Светлый фон

Во время знойных часов и мысли превращаются в пар, которым полно побелевшее небо с белыми, мелкокудрявыми застывшими облаками. Над травой проносится то удод, то сорокопут. Иногда парит хищник. Вот и следишь его полет, а в ушах звенит песнь о старом кургане в широкой степи. Знаешь ее?

Жар спадает. Мошек еще нет. Это лучшее время. Затишье в подвозе (я приемщик лесоматериала, пиломатериала, камня, балласта и т. д.). И вот я уношусь в своих думах в прошлое. Обычно не в далекое прошлое. Я тебе писал: оно, как тот город, которому посвящена моя любимая опера[650], — выкристаллизировалось и погрузилось в вечность.
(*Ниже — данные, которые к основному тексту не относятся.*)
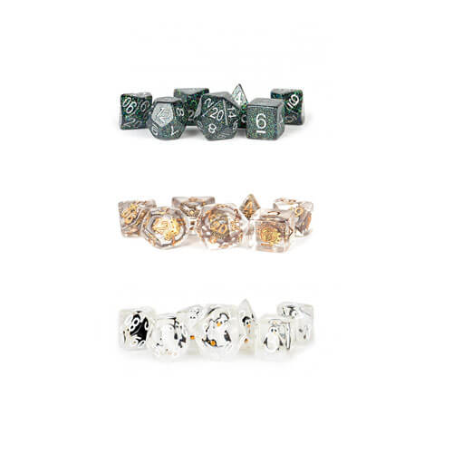 • Los dados de resina MDG tienen inclusiones únicas que añaden brillo a cualquier mesa de juego.
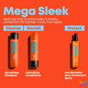 Mega Sleek Iron Smoother -suoristussuihke auttaa suojaamaan hiuksia korkean lämmön aiheuttamilta vaurioilta ja kosteudelta, hillitsee pörröisyyttä ja pitää hiukset sileinä koko päivän.

С ясной душой слышишь звуки, на него летящие. Обычно я возвращаюсь к московскому периоду нашей жизни. Как он богат! Не верится, что все пережитое укладывается в 4 года. Иногда мной овладевает волнение. Я вскакиваю и от волнения начинаю быстро ходить между травами. Ведь в Москве все только начатое, и семья, и научные труды, все еще в творческом движении. И все так внезапно оборвалось. Все вскипает во мне. Жжет внутри. И все же хорошо, что эти годы были у меня.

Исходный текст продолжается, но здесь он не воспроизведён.